Combining a microcavity and the moiré lattice, we can establish a new solid-sate platform with controllability over both the photon and the material excitations. In 2019, we successfully integrated a heterobilayer WSe2/MoSe2 with a photonic crystal cavity, and demonstrated an atomically thin semiconductor laser7. (https://devicematerialscommunity.nature.com/posts/56689-lasing-from-atomically-thin-2d-material-heterostructures) Limited by the light-matter interaction strength, the device is operated in the weak coupling region, and no new quantum eigenstates are generated in the system. “Can we reach the strong coupling region?” With this question in mind, we started to explore different types of heterobilayers.
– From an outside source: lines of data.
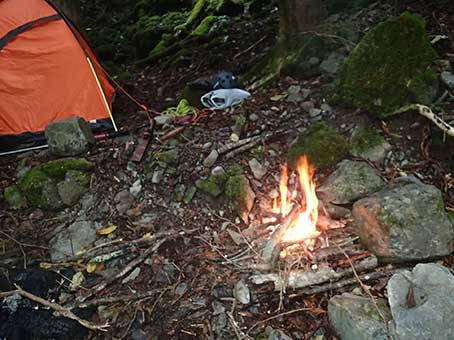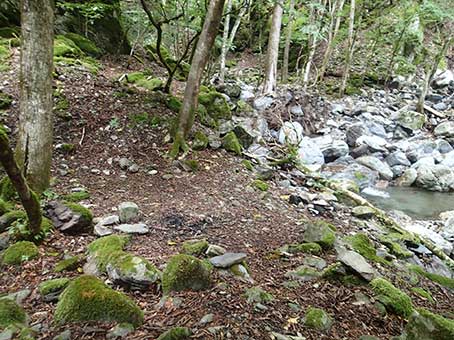 天気は曇りだった。 芝沢出合いに13:15頃到着した。 幕営適地があった。テントが3つくらい張れそうだ。 時間が早かったのでもうすこし上流に幕営適地がないかどうか、 1時間くらい遡行してみたが適当なところはなかった。45分で戻った。 やはりここだろう。 くつろいだり、暖をとるために焚火をした。 夕食はペヤングソース焼きそばでコンロで作った。 コンビーフをかじりウィスキーを飲んだ。 夜はなぜかあまり深く眠れなかった。 |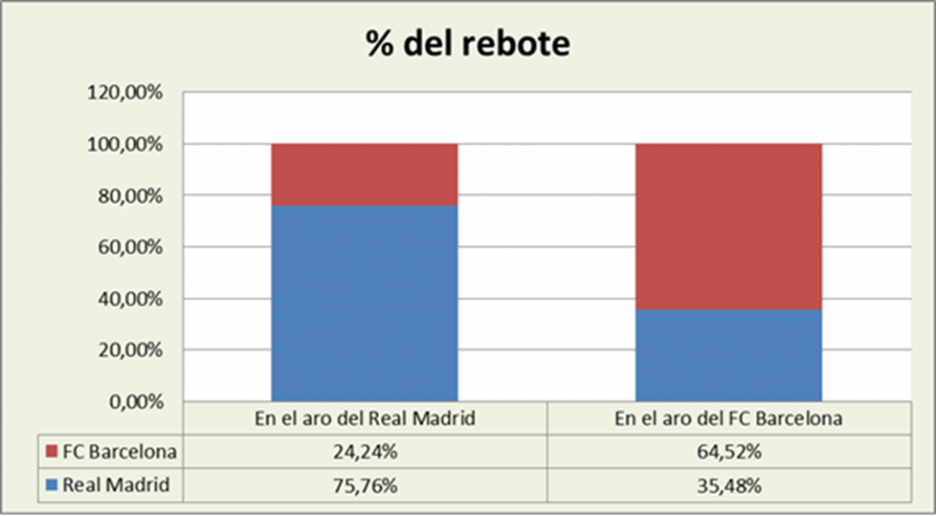 El Real Madrid retuvo el 75,76% de los rechaces en su propio aro, mientras que el conjunto catalán capturó sólo el 64,52% de los que se produjeron en el suyo. Eso deja un muy buen 35,48% para el rebote ofensivo madrileño por un pobre 24,24% para el blaugrana.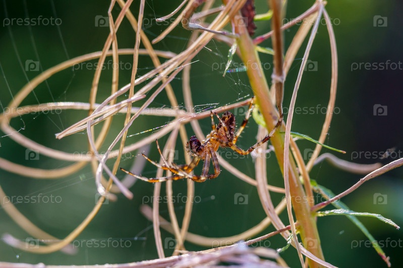Паук в траве. Паук-насекомое в природе. Паук на сухой траве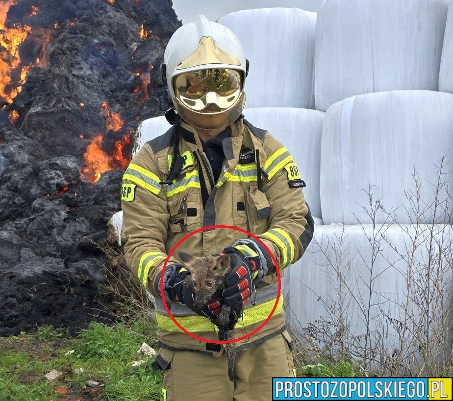Ratownicy z Ochotniczej Straży Pożarnej w Głogówku wydobyli z płonącej sterty malutkiego lisa – zaledwie 4-tygodniowego. Zwierzę miało spalone futro i było wycieńczone, ale dzięki błyskawicznej reakcji przeżyło.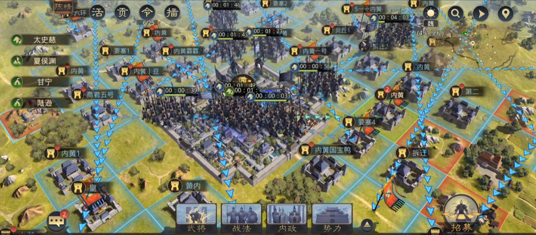 攻城的过程中可以关注目前守城的士兵是什么兵种,尽量以克制的兵种来应对,而且在整个攻城的过程当中会耗费比较长的时间,城墙原本的耐久是需要大家一点一点打下来的,等到进入城内大家㛑需要将城内全部的守军都消灭,这样才算是攻城成功哦。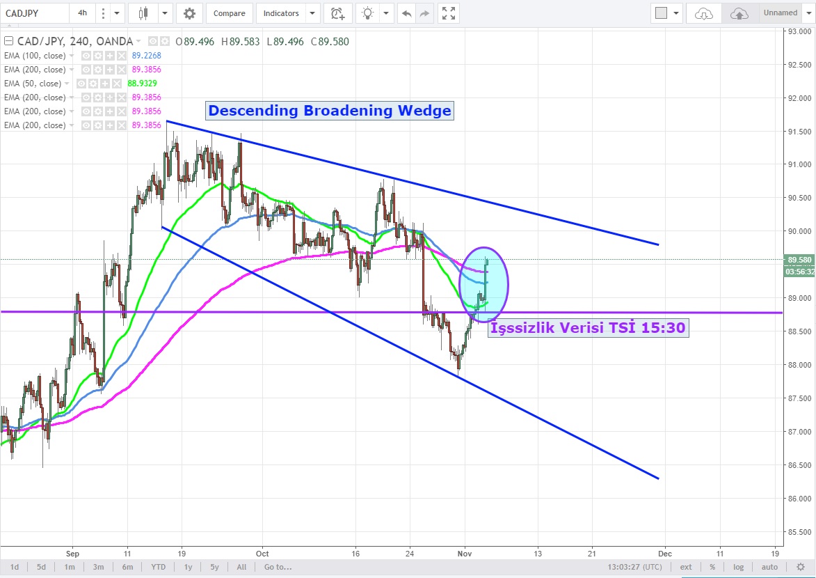 TSİ 15:30 'da Kanada 'dan gelen beklenti üzeri işssizlik verileri (35.3K vs 15K) CAD boğalarını harekete geçirdik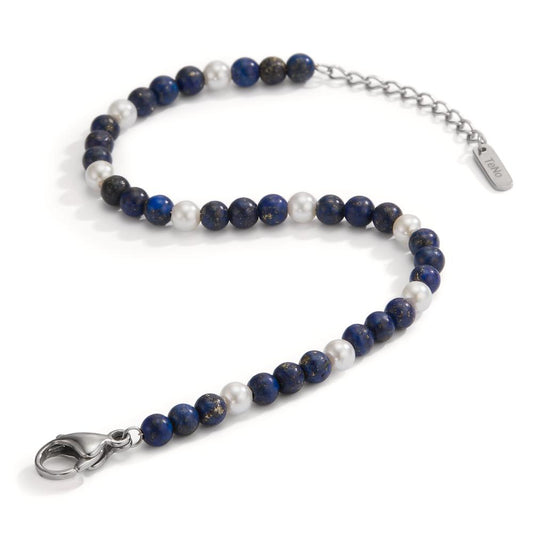 Bracelet Acier inoxydable Lapis-lazuli perle de culture blanc, 9 Perles, 4 mm 17.5-19.5 cm Ø4 mm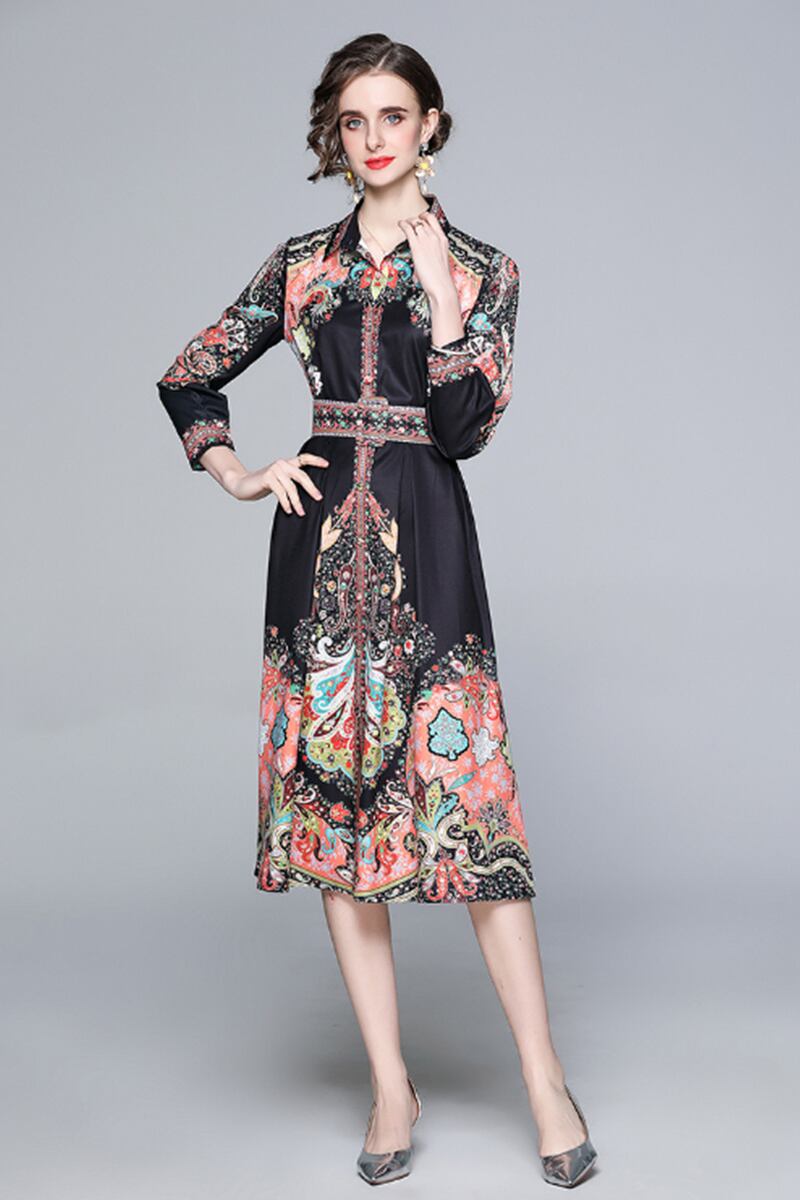 【 M 〜 2XL 】大きいサイズ ロングスリーブ プリント ミディ スカート シャツ ドレス レトロ エレガント XL L 71155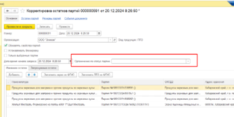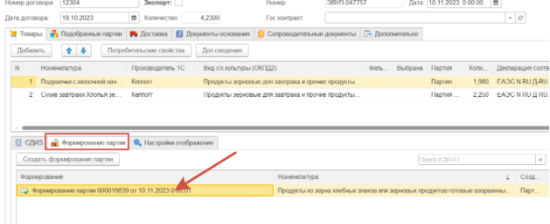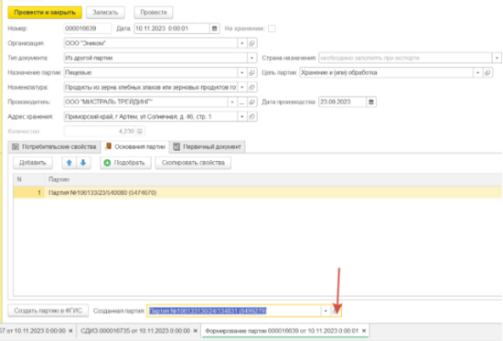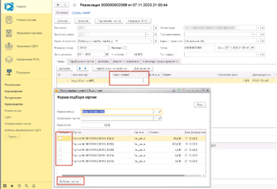Также внутри документа можно выбрать конкретную партию в поле Фильтр партий.

A particularly interesting combination is “WS2/MoSe2”8. In an earlier work, we found that, in this bilayer, spatially confined electron hole pairs——“moiré excitons” exhibit large optical dipole and can be tuned by twist angles9.
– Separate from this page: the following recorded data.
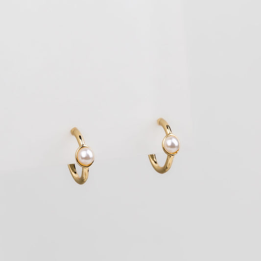 Cercei aurii semirotunzi în stil minimal cu perlă mică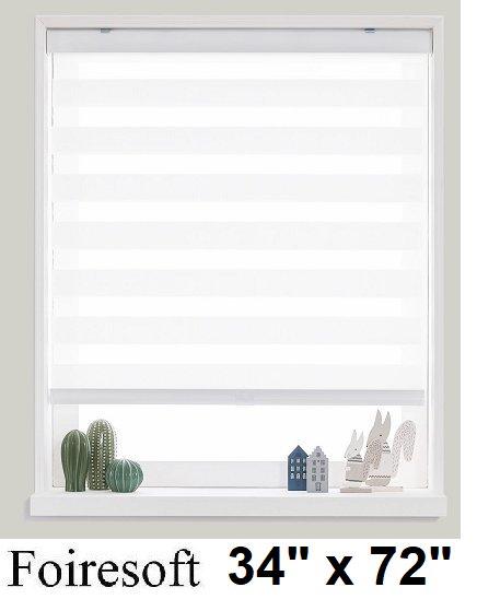 FOIRESOFT Cordless Custom Zebra Roller Shades window Blinds - 34" x 72" - white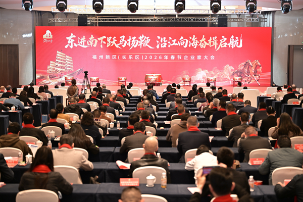 2月21日,福州新区(长乐区)2026年春节企业家大会召开,福州新区(长乐区)领导和域内外企业家代表、主要金融机构负责人欢聚一堂,畅叙乡情友谊,共谋发展新篇。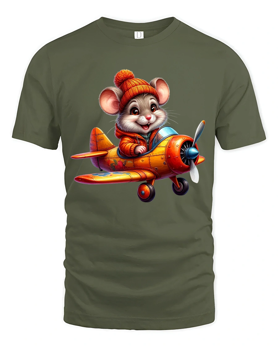 Cute Pilot Mouse Airplane Adventure Illustration Graphic Tshirt is crafted from soft breathable fabric designed for everyday comfort.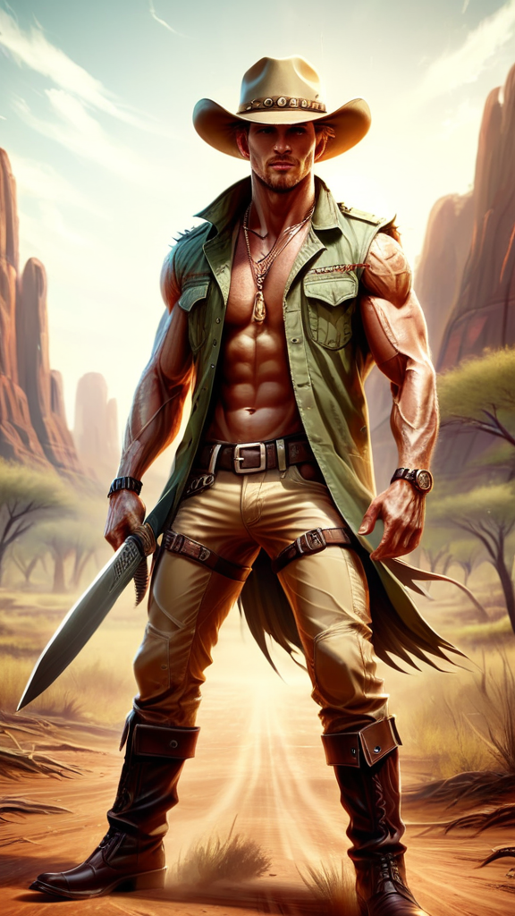 Protector of the Outback, Australian hunter, hypermasculine male. Tall, athletic, strong, muscular, sinewy, well defined manly man. Caucasian male with clear Teal eyes, strong brow and squared jaw, blonde goatee on his face, usually a surly smile. Medium length sandy-blonde hair that he wears combed back, usually underneath a Crocodile Dundee type of hat. The hat is an Outback Sidewinder, dark tan with crocodile teeth around the band. He also wears a sleeveless tan camouflage fatigue jacket, unbuttoned and exposing his chest. His chest and abs are well defined. Gold chain with spear shaped pendant and bolo tie around his neck. Tan khaki cargo pants cover his strong, powerful legs and obvious crotch bulge. Dark brown alligator cowboy boots on his feet. He carries a machete when travelling through the Outback. Full body pose. Travelling through the Outback. Tan khaki cargo pants. [[masterpiece]]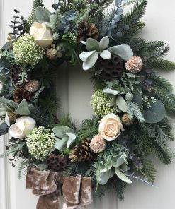 We recommend to fluff out your wreath & bow gently with your finger-tips after receiving your delivery/ before you hang your wreath to get the fullest effect. This wreath is ideally suited to a sheltered location, it is not suitable to be left outside during heavy rain/wind- we recommend to take indoors. When not in use cover & store in a safe place to enjoy year after year.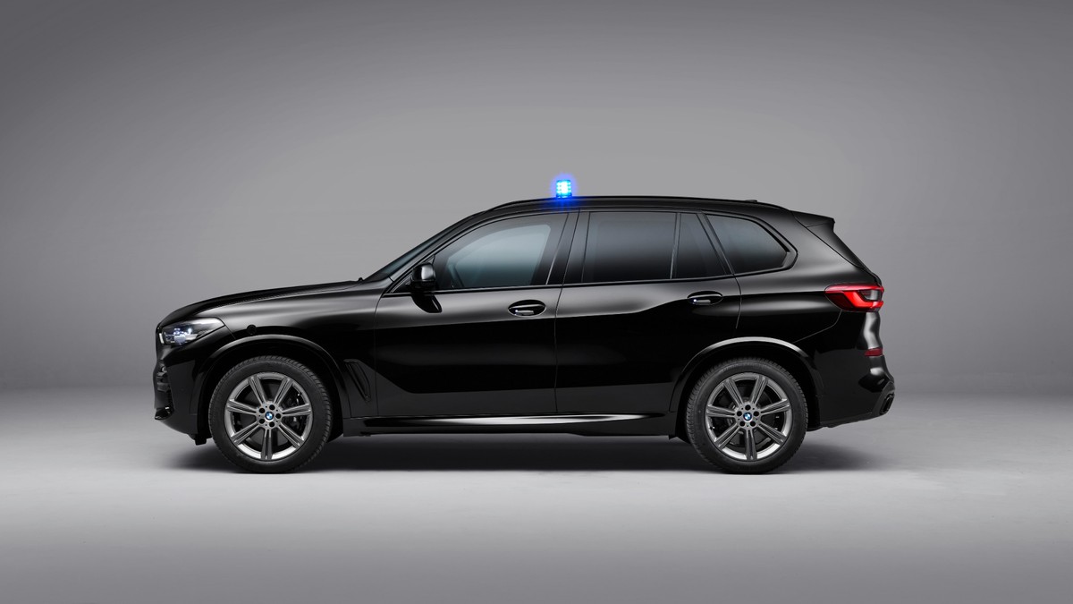 El habitáculo mantiene el diseño y la disposición del X5 de serie, con cuatro plazas, asientos calefactados y climatización independiente para cada ocupante. La consola central alberga una pantalla curva que combina instrumentación digital de 12,3 pulgadas y sistema multimedia de 14,9 pulgadas. Las funciones específicas del sistema de protección, ausentes en el resto de los productos de la marca, se gestionan desde un panel específico situado junto a la palanca de cambios. Al equipamiento adicional se le añade, entre otros elementos, el control de las luces intermitentes integradas en parrilla y techo, sirena y mástil para banderas.

We integrated the MoSe2-WS2 heterobilayers in a planar Fabry Pérot cavity, and demonstrated strong coupling between moiré-lattice excitons and microcavity photons up to liquid-nitrogen temperature, thereby integrating into one platform with versatile controllability over both matter and light.
Through studies of the nonlinear response of this new type of polaritons, we found the moiré excitons exhibit strong saturation due to exciton blockade, suppressed exciton energy shift, and suppressed excitation-induced dephasing. These characters are consistent with those of fully quantum-confined states. Therefore our findings reveal the quantum-dot like character of each moiré cell and establish in a solid state system collectively coupling of an array of two-level systems with photons.
Importantly, due to the exciton blockade, the moiré polaritons acquire a strong nonlinearity which is tunable by the moiré lattice and scales inversely with the size of the moiré cell instead of the exciton. An abnormally large nonlinearity was also observed at very low polariton densities. Further understanding and control of the strong nonlinearity of moiré polaritons may open a new pathway to polariton blockade and ultralow power nonlinear optical switches. Interplay between moiré lattice potential and photonic potentials may open new opportunities in cavity-control of electronic phases and quantum simulations.
If you are interested in learning more about the scientific detail of this topic, please read our paper in Nature: http://www.nature.com/articles/s41586-021-03228-5
References:
- Deng, H., Haug, H. & Yamamoto, Y. Exciton-polariton Bose-Einstein condensation. Rev. Mod. Phys. 82, 1489–1537 (2010).
- Novoselov, K. S. et al. Electric Field Effect in Atomically Thin Carbon Films. Science 306, 666–669 (2004).
- Das, S., Robinson, J. A., Dubey, M., Terrones, H. & Terrones, M. Beyond Graphene: Progress in Novel Two-Dimensional Materials and van der Waals Solids. Annual Review of Materials Research 45, 1–27 (2015).
- Bistritzer, R. & MacDonald, A. H. Moiré bands in twisted double-layer graphene. Proc Natl Acad Sci USA 108, 12233 (2011).
- Cao, Y. et al. Correlated insulator behaviour at half-filling in magic-angle graphene superlattices. Nature 556, 80–84 (2018).
- Cao, Y. et al. Unconventional superconductivity in magic-angle graphene superlattices. Nature 556, 43–50 (2018).
- Paik, E. Y. et al. Interlayer exciton laser of extended spatial coherence in atomically thin heterostructures. Nature 576, 80–84 (2019).
- Alexeev, E. M. et al. Resonantly hybridized excitons in moiré superlattices in van der Waals heterostructures. Nature 567, 81–86 (2019).
- Zhang, L. et al. Twist-angle dependence of moiré excitons in WS2 /MoSe2 heterobilayers. Nature Communications 11, 5888 (2020).